В то утро Октав был очень весел и решил поддразнить девушку.
– Стало быть, Жюль запрещает вам заходить ко мне? – повторял он. – Ну и как у вас теперь с Жюлем? Он с вами мил? Да слышите ли вы меня? Отвечайте же!
Мари смеялась, она ничуть не была смущена.
– Еще бы! Когда вы его уводите и угощаете вермутом, то рассказываете ему такое, что он возвращается не в себе… О, он весьма мил. Мне кажется, даже слишком. Но мне-то, разумеется, больше нравится, когда он выпивает дома, а не на стороне. – Посерьезнев, она добавила: – Вот, возьмите вашего Бальзака, я не смогла дочитать… Слишком уж грустно, этот господин описывает одни неприятности!
И она попросила у него книжки про любовь, с приключениями и путешествиями в далекие страны. А потом заговорила о похоронах: она пойдет в церковь, а Жюль и на кладбище тоже. Сама-то она никогда не боялась покойников; когда ей было двенадцать, она целую ночь провела возле дяди и тети, которых в одночасье унесла лихорадка.

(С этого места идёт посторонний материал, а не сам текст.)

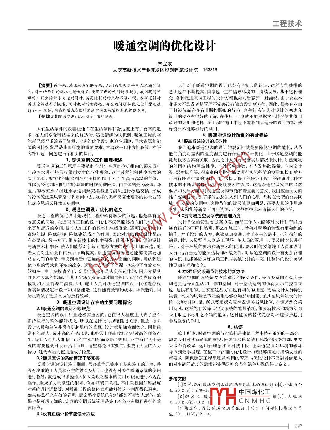工程技術(shù)暖通空調(diào)的優(yōu)化設(shè)計(jì)朱寶成大慶高新技術(shù)產(chǎn)業(yè)開(kāi)發(fā)區(qū)規(guī)劃建筑設(shè)計(jì)院163316[摘要]近年來(lái),我國(guó)經(jīng)濟(jì)不斷發(fā)展,人們的生活水平也在不斷的提人們對(duì)于暖通空調(diào)的設(shè)計(jì)已經(jīng)有了初步的認(rèn)識(shí),這種節(jié)能減排的高,對(duì)生活條件的需求也增大許多,使得空調(diào)的使用越來(lái)越多。我國(guó)暖通空意 識(shí)也在不斷提高,國(guó)家也一直在倡導(dǎo)環(huán)境的可持續(xù)發(fā)展,基于這種理調(diào)給人們生活帶來(lái)舒適的同時(shí),其高能耗的特點(diǎn)卻不容小視,本研究針對(duì)念, 各種暖通空調(diào)工程的設(shè)計(jì)方案也如雨后春筍一般涌現(xiàn), 由于企業(yè)本暖通空調(diào)進(jìn)行了概述,同時(shí)也對(duì)其重要性、存在的問(wèn)題和優(yōu)化設(shè)計(jì)原則進(jìn)身能 力不足或者是管理不完善沒(méi)有能力設(shè)計(jì)新方法,因此,很多企業(yè)由行了一一闡述,旨在能夠?yàn)槲覈?guó)的暖通空調(diào)工程節(jié)能發(fā)展提供參考。于趕潮流而存在盲目照抄照搬的行為,這種行為使其對(duì)設(shè)計(jì)的初衷和[關(guān)鍵詞]暖通空調(diào):優(yōu)化設(shè)計(jì);節(jié)能降耗設(shè)計(jì)的特點(diǎn)有很好的了解,在使用上,也就不能根據(jù)實(shí)際情況使其得到最好的應(yīng)用和選擇,在工程的施工中也不能找到最適合的設(shè)計(jì)方案,使人們生活條件的改善讓他們]在生活條件和舒適度上有了更高的追好資源 不能夠很好的利用。求,在人們享受科技帶來(lái)的舒適時(shí),還要清醒的認(rèn)識(shí)到,暖通工程的高、暖通空調(diào)設(shè)計(jì)改良的有效措施能耗已經(jīng)嚴(yán)重浪費(fèi)了資源,對(duì)其的優(yōu)化設(shè)計(jì)也迫在眉睫,尋求資源和能4.1提高系統(tǒng)設(shè)計(jì)的規(guī)范性源的可持續(xù)發(fā)展是我國(guó)環(huán)境的重要要求,本著這一-工作方針政策, 本研我們追求暖通空調(diào)的設(shè)計(jì)的規(guī)范性就是要降低空調(diào)的能耗,從節(jié)究針對(duì)這-問(wèn)題進(jìn)行了相關(guān)的探討。能的角度對(duì)室內(nèi)的溫度濕度進(jìn)行合理的設(shè)計(jì)優(yōu)化,由于暖通空調(diào)的能1.暖通空調(diào)的工作原理概述耗與很多因素有關(guān)聯(lián),因此設(shè)計(jì)人員要根據(jù)實(shí)際情況來(lái)設(shè)計(jì),如建筑物暖通空調(diào)的工作原理主要是制冷劑在空調(diào)制冷機(jī)組內(nèi)的蒸發(fā)器中的外圍護(hù)結(jié)構(gòu)隔熱性能、室外氣象參數(shù)、室內(nèi)發(fā)熱散濕量、室內(nèi)設(shè)計(jì)與冷凍水進(jìn)行熱量狡猾而發(fā)生的氣化現(xiàn)象,這個(gè)過(guò)程能夠使冷凍水的溫、 濕度標(biāo)準(zhǔn)等。很多室內(nèi)外指標(biāo)都要進(jìn)行實(shí)際科學(xué)的測(cè)量和檢查后方溫度降低,被氣化的制冷劑在空壓機(jī)的作用下,產(chǎn)生高壓高溫的氣體,可進(jìn)行暖 通空調(diào)的設(shè)計(jì)工作,這極大程度的保證了設(shè)計(jì)的準(zhǔn)確性??茖W(xué)氣體流經(jīng)過(guò)制冷機(jī)組的冷凝器的時(shí)候會(huì)被降溫,由氣體轉(zhuǎn)變?yōu)橐后w,降技術(shù)的不斷發(fā)展也帶動(dòng)了變頻技術(shù)的發(fā)展,這是暖通空調(diào)發(fā)展的必然溫后的冷凍水又經(jīng)過(guò)水泵送到熱交換器里與混風(fēng)進(jìn)行冷熱交換,形成要求和發(fā)展向,對(duì)暖通空調(diào)的節(jié)能有著重要的意義。我國(guó)應(yīng)當(dāng)大力的的冷風(fēng)源經(jīng)送風(fēng)管路帶到房間中去,這樣的循環(huán)反復(fù)使夏季的熱量被轉(zhuǎn)推廣變頻技術(shù),讓節(jié)能的思想進(jìn)入到人們的心里,尤其在大型的公共區(qū)化成冷風(fēng)后又釋放回房間中。域,在大量的使用中,這種節(jié)能的效果就更加明顯,還要大量的使用地2.暖通空調(diào)設(shè)計(jì)優(yōu)化的意義熱能、太陽(yáng)能等新型可再生資源,讓這些新技術(shù)來(lái)造福人們的生活。暖通工程的優(yōu)化設(shè)計(jì)是現(xiàn)代工程中亟待解決的問(wèn)題,也是具有重4.2提高暖通空調(diào)系統(tǒng)的管理力度要意義的問(wèn)題。暖通空調(diào)工程的設(shè)計(jì)優(yōu)化不僅僅能夠給人們的生活帶設(shè)計(jì)單位的管理要提高力度,如果工作人員能夠?qū)υO(shè)計(jì)和節(jié)能措來(lái)更加舒適的空間,提高人們工作的效率和生活質(zhì)量,還可以起到節(jié)約施 有很好的了解和鉆研,那么在施工時(shí),就會(huì)對(duì)現(xiàn)場(chǎng)的情況有更熟練的資源能源,降低能耗,降低建筑成本的作用,因此對(duì)其的優(yōu)化設(shè)計(jì)是很操作,對(duì)于設(shè)計(jì)的方案,也能更加變通,對(duì)于業(yè)主的需求,也能很好的有必要的。另一方面,很多新技術(shù)的相繼研發(fā),能夠使暖通空調(diào)的設(shè)計(jì)滿足, 設(shè)計(jì)人員要深入到施工現(xiàn)場(chǎng),在人員的管理上,要及時(shí)對(duì)其進(jìn)行與新技術(shù)相融合,使人們能夠?qū)π略O(shè)計(jì)能夠方便的進(jìn)行使用和改造。隨培訓(xùn), 對(duì)于環(huán)境的要求和新技術(shù)的使用,要及時(shí)傳授給施工人員和設(shè)計(jì)著人們對(duì)生活條件
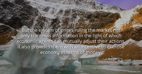 Polanyi, Michael. (2026, January 15). But the system of prices ruling the market not only transmits information in the light of which economic agents can mutually adjust their actions, it also provides them with an incentive to exercise economy in terms of money. FixQuotes. https://fixquotes.com/quotes/but-the-system-of-prices-ruling-the-market-not-51633/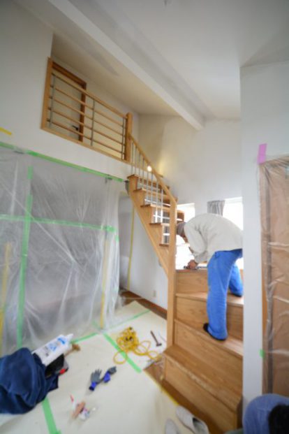 階段の踏み板をビス止めし、見えないようダボ穴を埋めました。

А вот Жюль, тот настолько сильно ненавидит разговоры о мертвецах, что со вчерашнего дня запретил ей упоминать владельца дома, который лежит там, внизу. Но она не знает, о чем еще говорить, да и Жюль тоже, поэтому теперь они все больше молчат, потому что постоянно думают о бедном покойнике. Это становится скучным, так что для Жюля будет лучше, когда господина Вабра вынесут из дому. Довольная, что может всласть поговорить о случившемся, она засыпала Октава вопросами: видел ли он его? Старик сильно изменился? Надо ли верить тому, что рассказывают про тот ужас, что случился, когда его клали в гроб? А что родственники, еще не потрошат матрасы, чтобы все обшарить? В таком доме, как их, где полно прислуги, о чем только не судачат! Смерть – такое дело, что все только о ней и говорят…

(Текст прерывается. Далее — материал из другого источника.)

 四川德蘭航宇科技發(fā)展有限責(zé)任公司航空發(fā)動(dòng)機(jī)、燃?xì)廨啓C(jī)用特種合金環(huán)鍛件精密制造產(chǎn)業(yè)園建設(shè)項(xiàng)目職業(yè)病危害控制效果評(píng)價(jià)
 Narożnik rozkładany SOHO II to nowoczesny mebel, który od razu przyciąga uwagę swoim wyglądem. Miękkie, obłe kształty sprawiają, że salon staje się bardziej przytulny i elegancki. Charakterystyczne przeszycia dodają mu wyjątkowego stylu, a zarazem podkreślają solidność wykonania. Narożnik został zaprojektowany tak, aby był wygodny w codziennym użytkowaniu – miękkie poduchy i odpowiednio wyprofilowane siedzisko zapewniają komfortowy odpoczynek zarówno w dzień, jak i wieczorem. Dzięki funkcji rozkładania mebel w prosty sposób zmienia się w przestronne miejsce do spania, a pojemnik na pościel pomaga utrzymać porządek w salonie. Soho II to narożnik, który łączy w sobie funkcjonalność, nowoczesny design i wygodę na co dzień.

– Вы опять навязываете мне Бальзака, – заметила она, взглянув на книги, которые он ей предложил. – Нет уж, заберите… Это слишком похоже на жизнь.
Когда Мари протянула ему томик, он схватил ее за руку и хотел втащить в комнату. Ее интерес к смерти развлек его; она показалась ему занятной, более живой и желанной. Мари это поняла, снова зарделась, вырвала руку и убежала, бросив на прощание:
– Спасибо, господин Муре… До скорой встречи на похоронах.
Уже одевшись, Октав вспомнил о своем обещании заглянуть к госпоже Кампардон. У него еще оставалось два часа – похороны были назначены на одиннадцать, и он решил использовать это время, чтобы нанести несколько визитов в доме. Роза приняла его в постели; он извинился, что пришел не вовремя; но ведь она сама позвала его. Он так редко навещает их, она даже рада, что может немного отвлечься.
– Ах, знаете ли, милый юноша, – тут же заявила госпожа Кампардон, – это ведь я должна была бы лежать там, в гробу!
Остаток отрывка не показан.